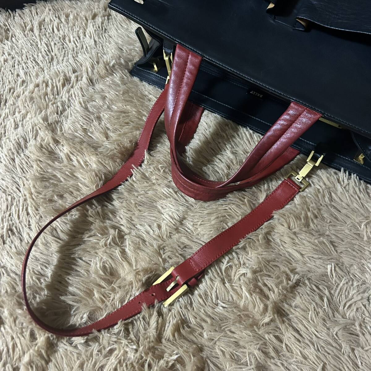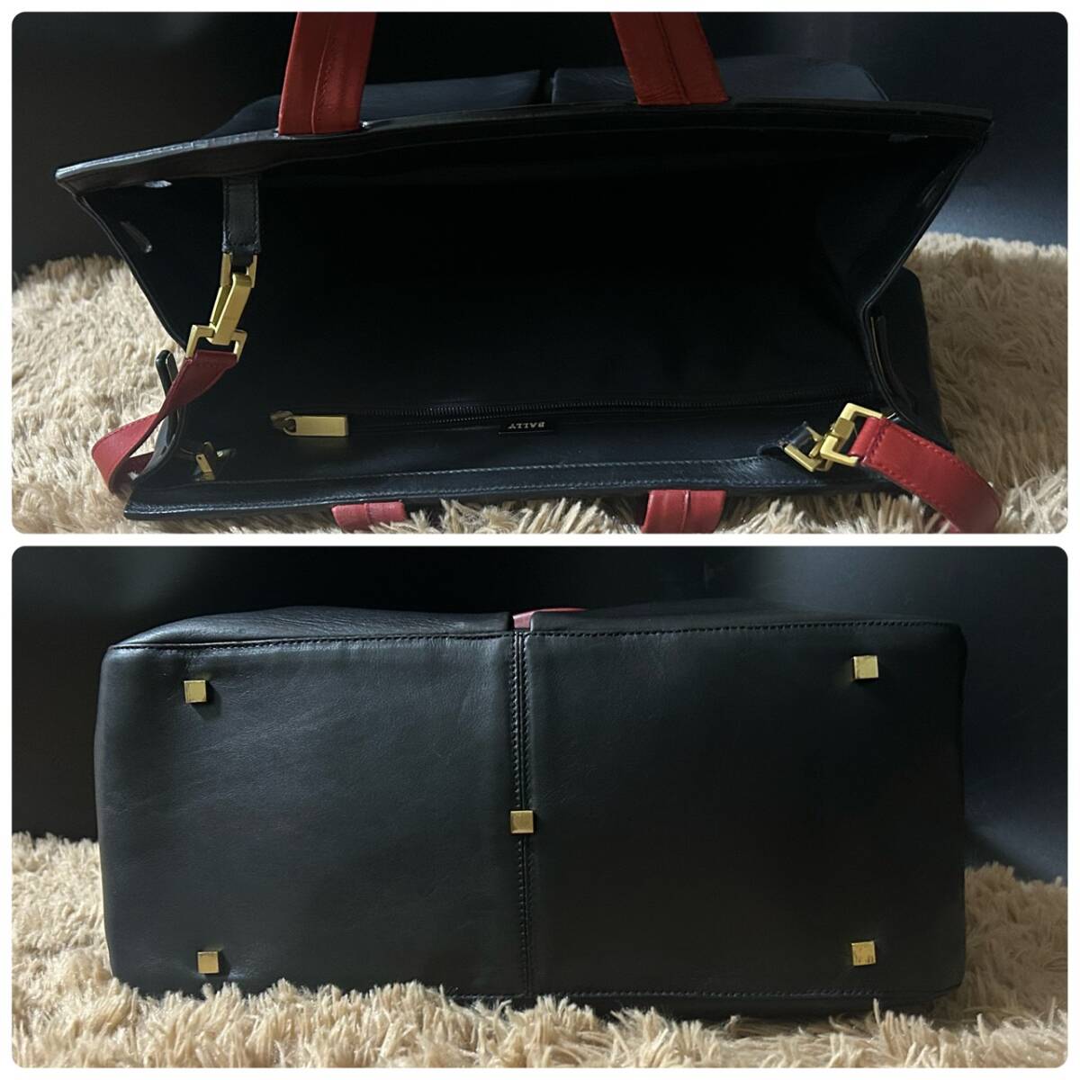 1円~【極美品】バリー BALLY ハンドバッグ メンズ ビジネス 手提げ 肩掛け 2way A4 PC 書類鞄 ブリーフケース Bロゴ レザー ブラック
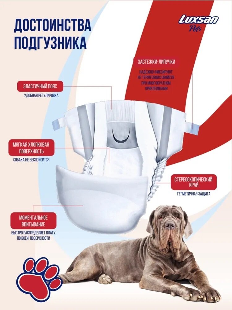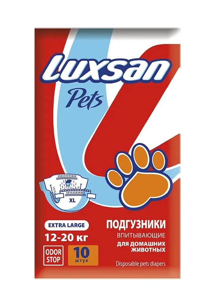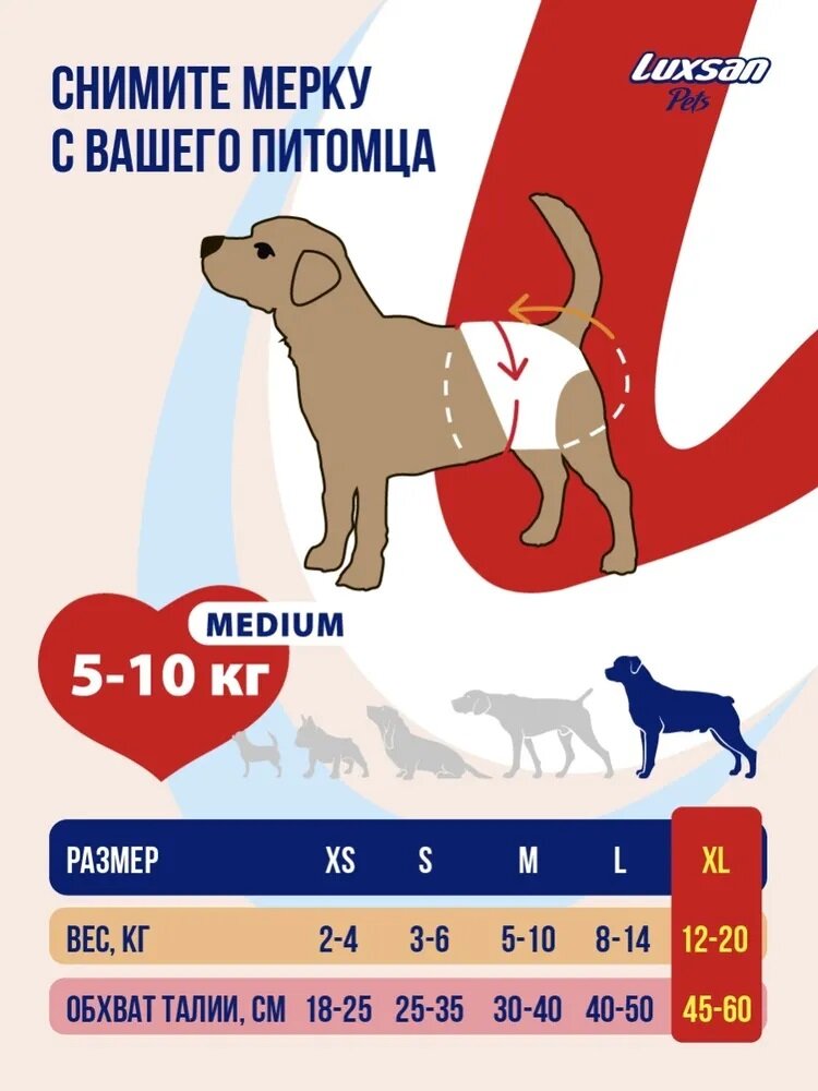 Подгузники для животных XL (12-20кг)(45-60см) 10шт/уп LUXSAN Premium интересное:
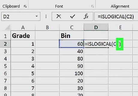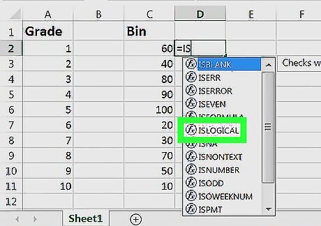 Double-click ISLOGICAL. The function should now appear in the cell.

## WORK REQUIRED
Repeat each line above exactly. The pictures stay out.

## EXERCISE SOLUTION
 1円~【極美品】バリー BALLY ハンドバッグ メンズ ビジネス 手提げ 肩掛け 2way A4 PC 書類鞄 ブリーフケース Bロゴ レザー ブラック
 Подгузники для животных XL (12-20кг)(45-60см) 10шт/уп LUXSAN Premium интересное:
 Double-click ISLOGICAL. The function should now appear in the cell.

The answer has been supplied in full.